Matzic|

We have learned the way to find roots of a quadrant equation. Now, we are going to learn the mathematical method to

SinΘ = C

Where C is a constant value which may be anything between 0 to 1. Let us assume the corresponding value of the constant value would be Sinα. So, we can write above trigonometric equation as

SinΘ = Sinα

Now we can write this as an equation

SinΘ – Sinα = 0

As we already know that

SinC – SinD = 2.Cos[(C + D)/2].Sin[(C – D)/2]
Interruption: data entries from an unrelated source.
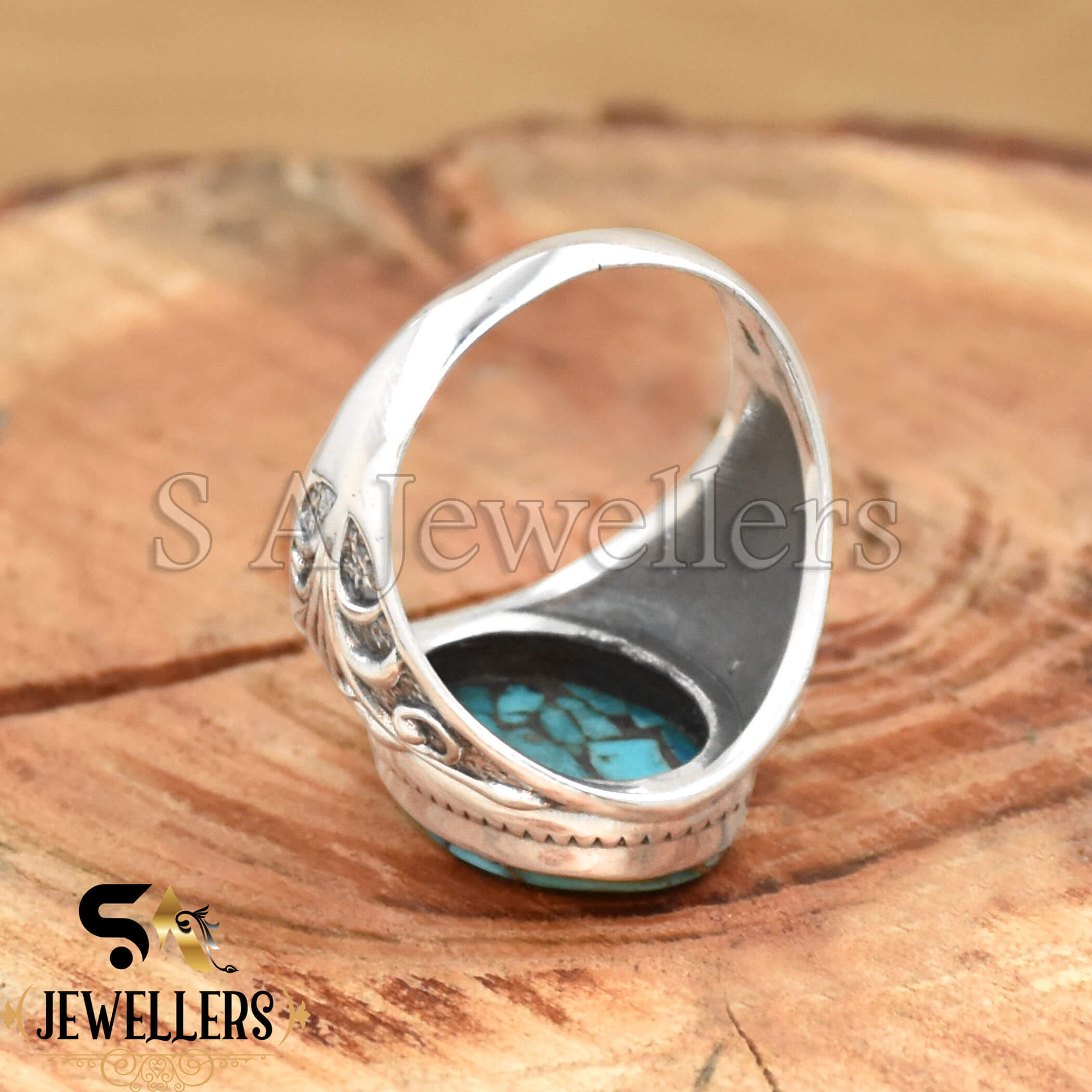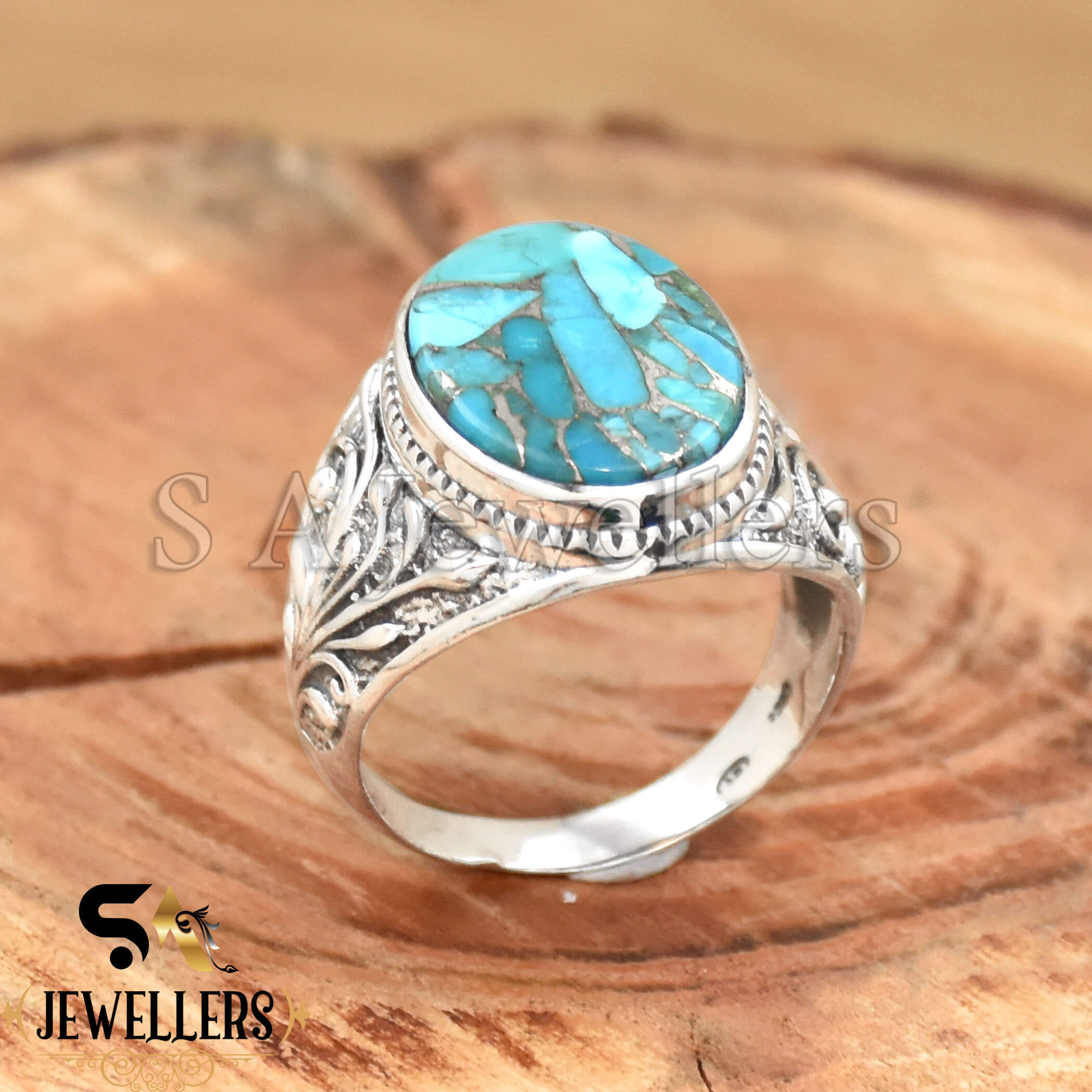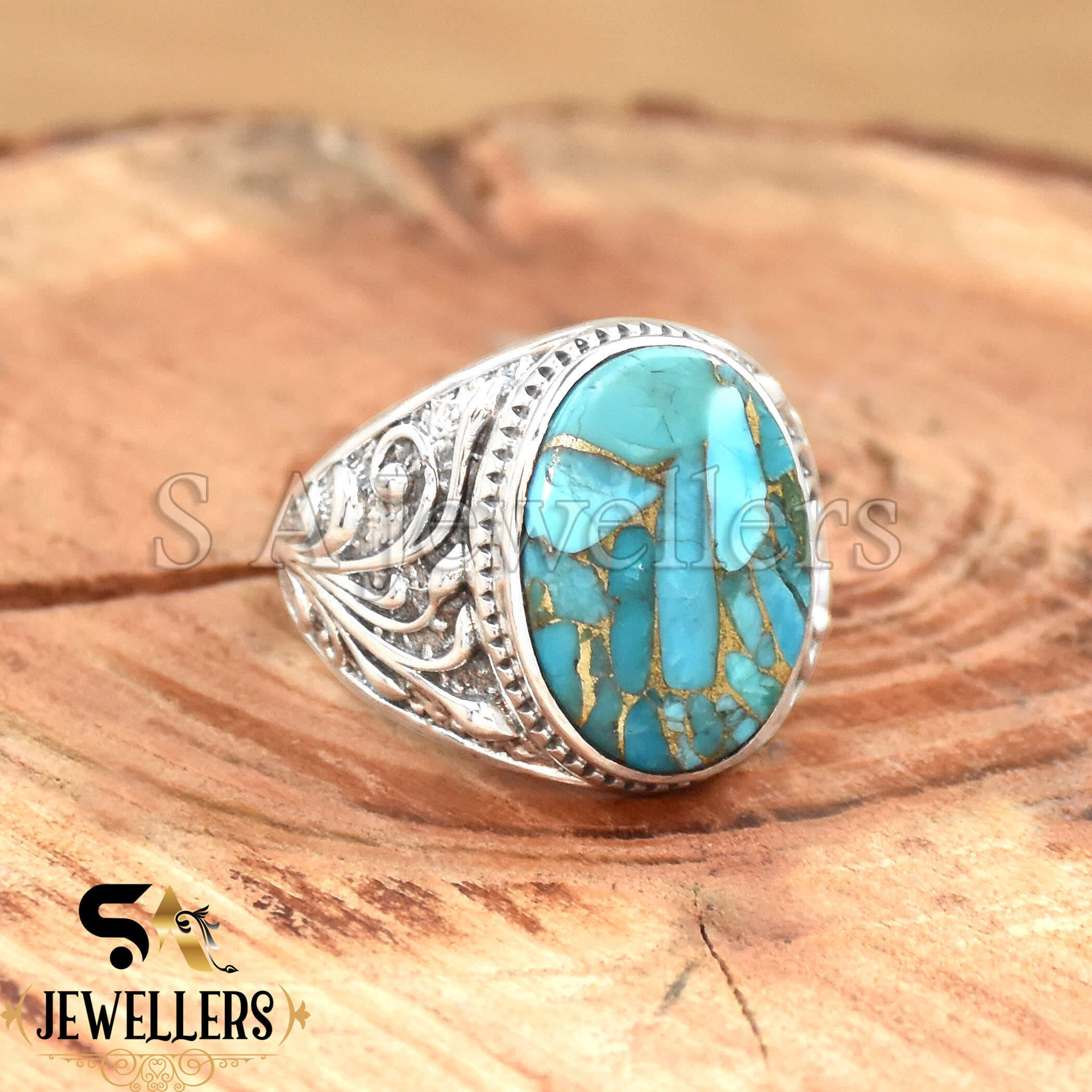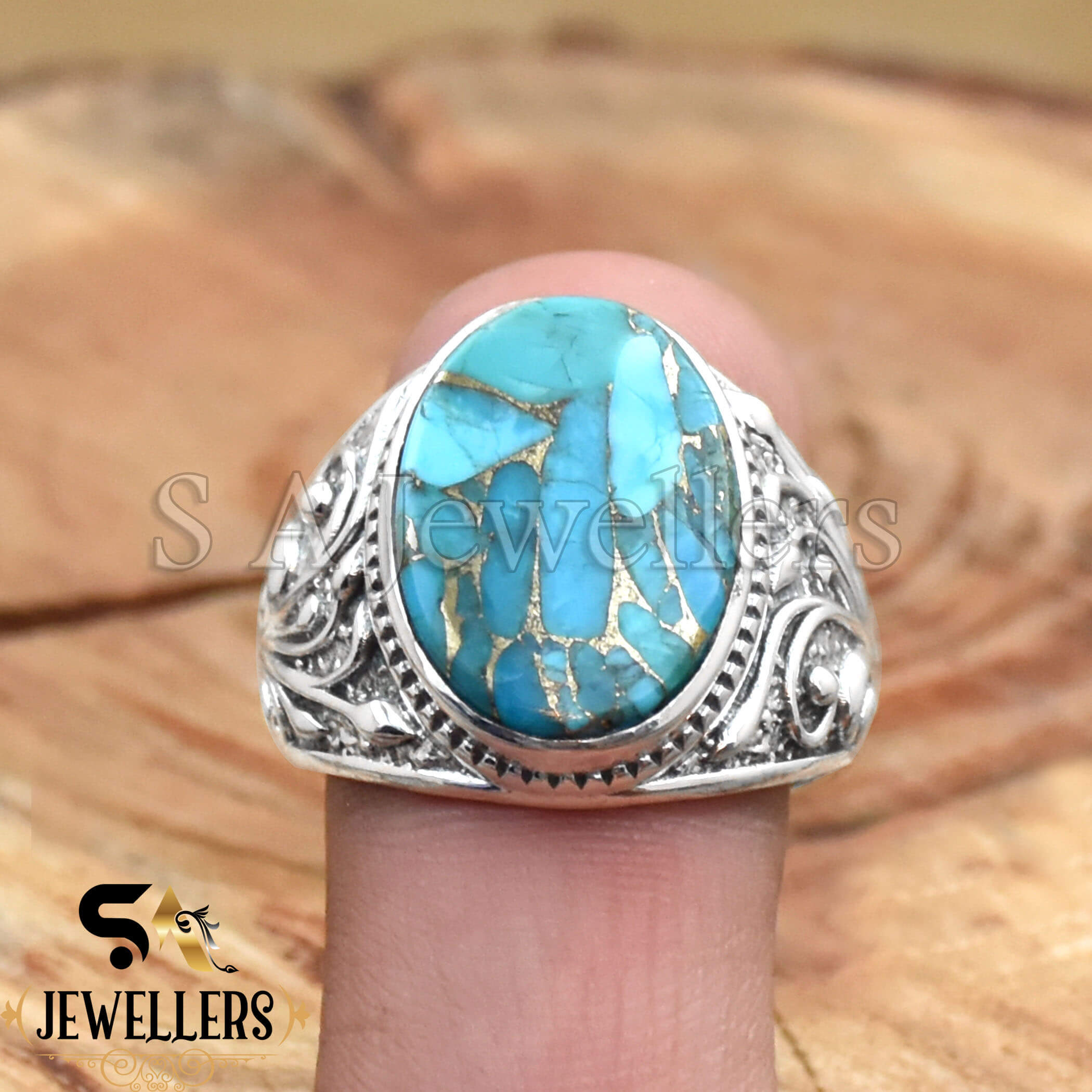 Blue Copper Turquois Men’s Ring, 925 Sterling Silver Ring, Boho Ring, Statement Ring, Stylish Silver Ring,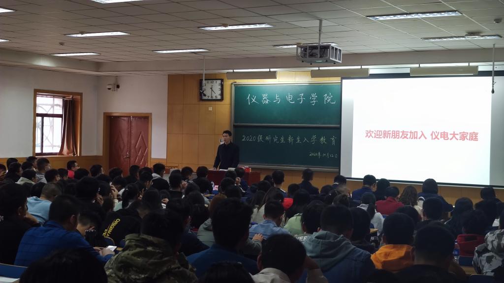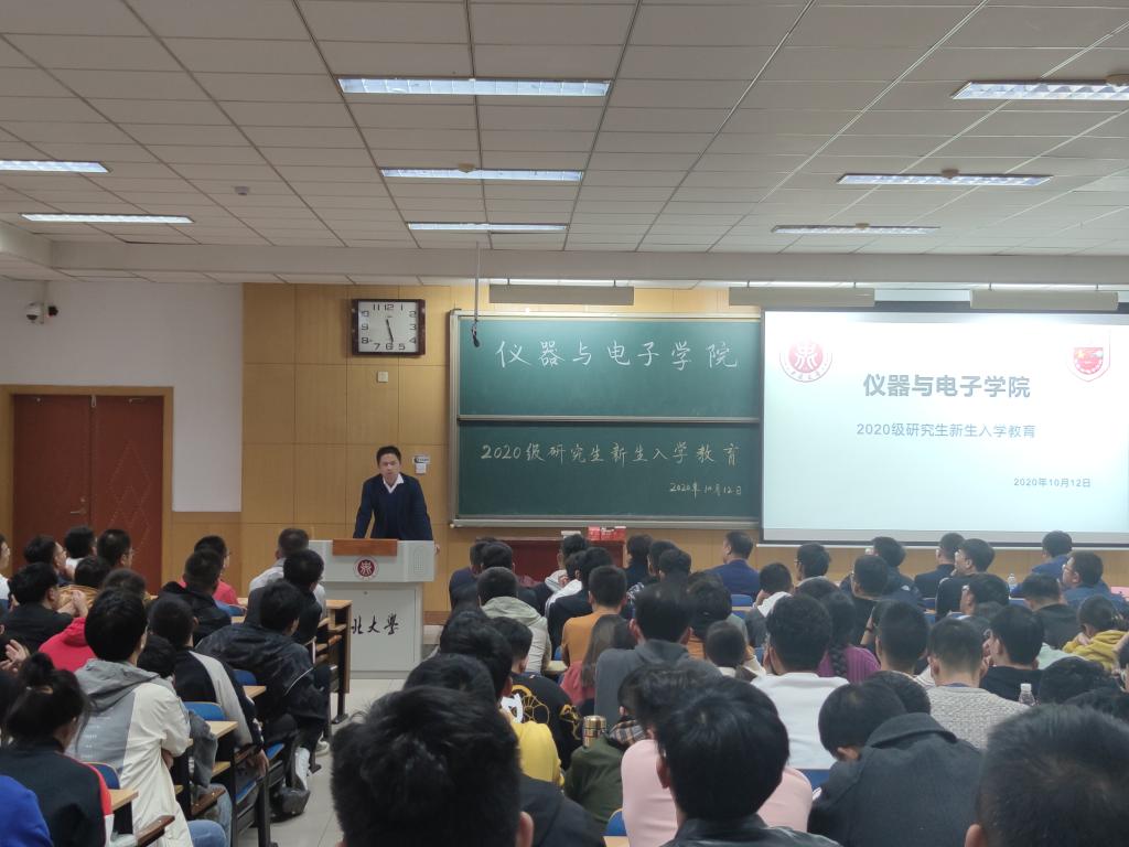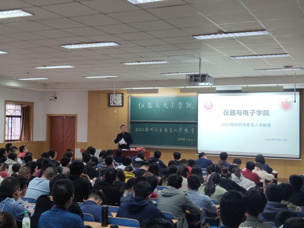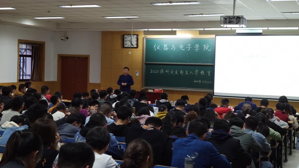 2020年10月12日,仪器与电子学院召开2020级研究生新生入学教育大会,学院党委书记郝晓剑、党委副书记高宏图、副院长李杰、唐军、梁庭出席,研究生辅导员、新生班主任及2020级全体研究生新生参加了此次入学教育大会。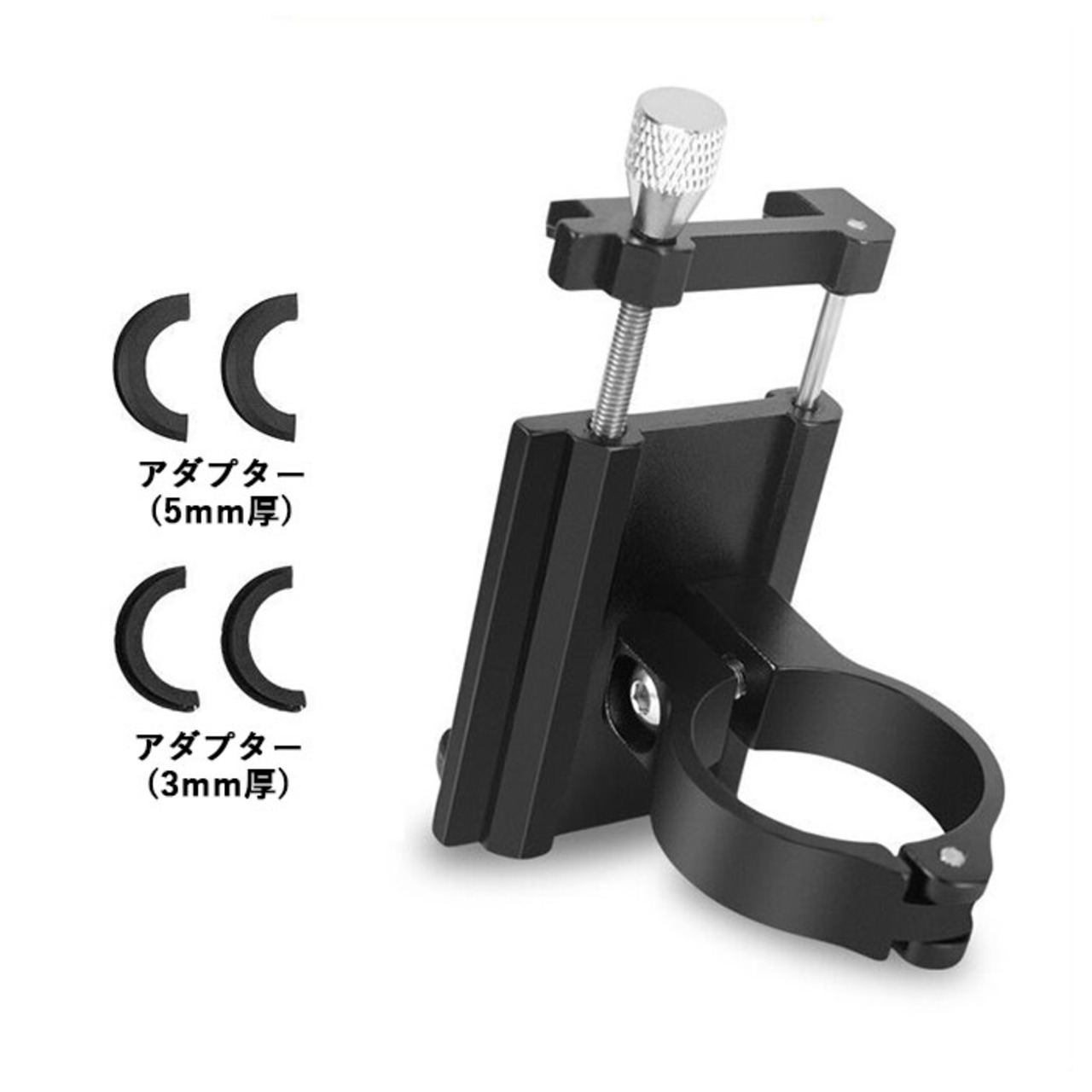 ・リング状のハンドル取付けマウントに調整アダプターを組み合わせることで、パイプ外周最小:約6cm〜最大:約10cmまでの自転車ハンドルに取り付けが可能。(アダプターは2種類付属、最大値はアダプターを使用しないで取り付けた際の値になります。)
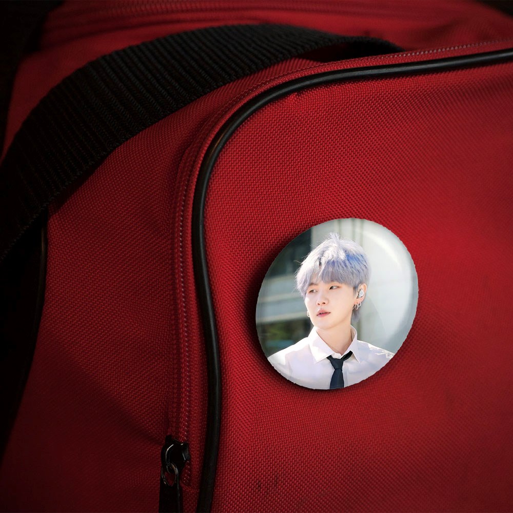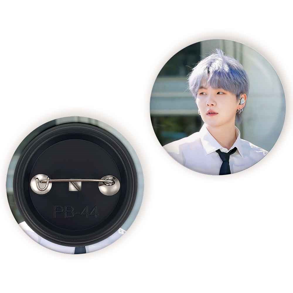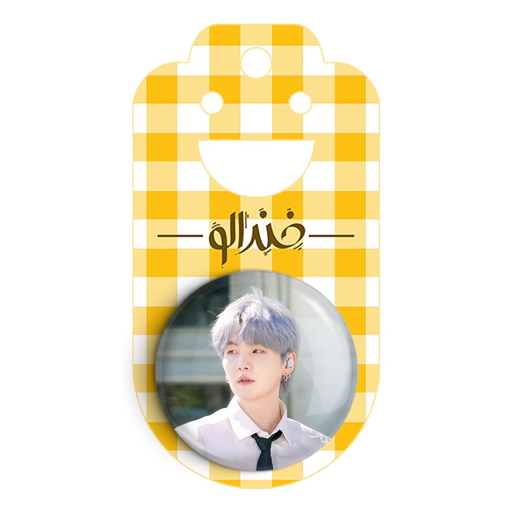 پیکسل 44 میلی متری شوگا Suga گروه بی تی اس BTS خندالو با روکش سلفون حرارتی مات مخملی ضدخش و قطعه پشتی رنگی تولید شده است.پلاستیکی پشت پیکسل با سوزن یک تکه ثابت و بدون لغزش و جا به جایی، ایستایی بسیار بهتری نسبت به پشتی فلزی پیکسل دارند که این مهم در تولید این محصول نیز رعایت شده است.

Now, we can simplify trigonometric equation by using this formula

2.Cos[(Θ + α)/2].Sin[(Θ – α)/2] = 0

We get two equations now.

Cos[(Θ + α)/2] = 0 And Sin[(Θ – α)/2] = 0

Solution : 1

Cos[(Θ + α)/2] = 0

Trigonometry function Cosine gives zero for π/2, 3π/2, 5π/2, 7π/2, …. ∞. The principle value is π/2 for this equation. Similarly, we have to think for general solution. Generally, we can write (2n + 1)π/2 as general solution of this equation where n = 0, 1, 2, 3, 4, …. ∞.

[(Θ + α)/2] = Cos^–1(0)

» (Θ + α)/2 = (2n + 1)π/2

» Θ = (2n + 1)π – α

Here we have to use one trick to get complete solution.

Θ = (2n + 1)π + (–1)²ⁿ⁺¹α

Both solutions gives same value.

Solution : 2

Sin[(Θ – α)/2] = 0

Trigonometry function Sine gives zero value for 0, π, 2π, 3π, 4π, … ∞. The principle value is zero for this equation but we have to find the general solution. Generally, we can tell nπ as general solution. So, we can write it as

[(Θ – α)/2] = Sin^–1(0)

» (Θ – α)/2 = nπ

» Θ = 2nπ + α

Just like above solution. We have to apply same technique here to solve this.

Θ = 2nπ + (–1)²ⁿα

By considering both solutions, we can write a general solution for Sine function

Θ = nπ + (–1)ⁿα

This general solution satisfies both solutions.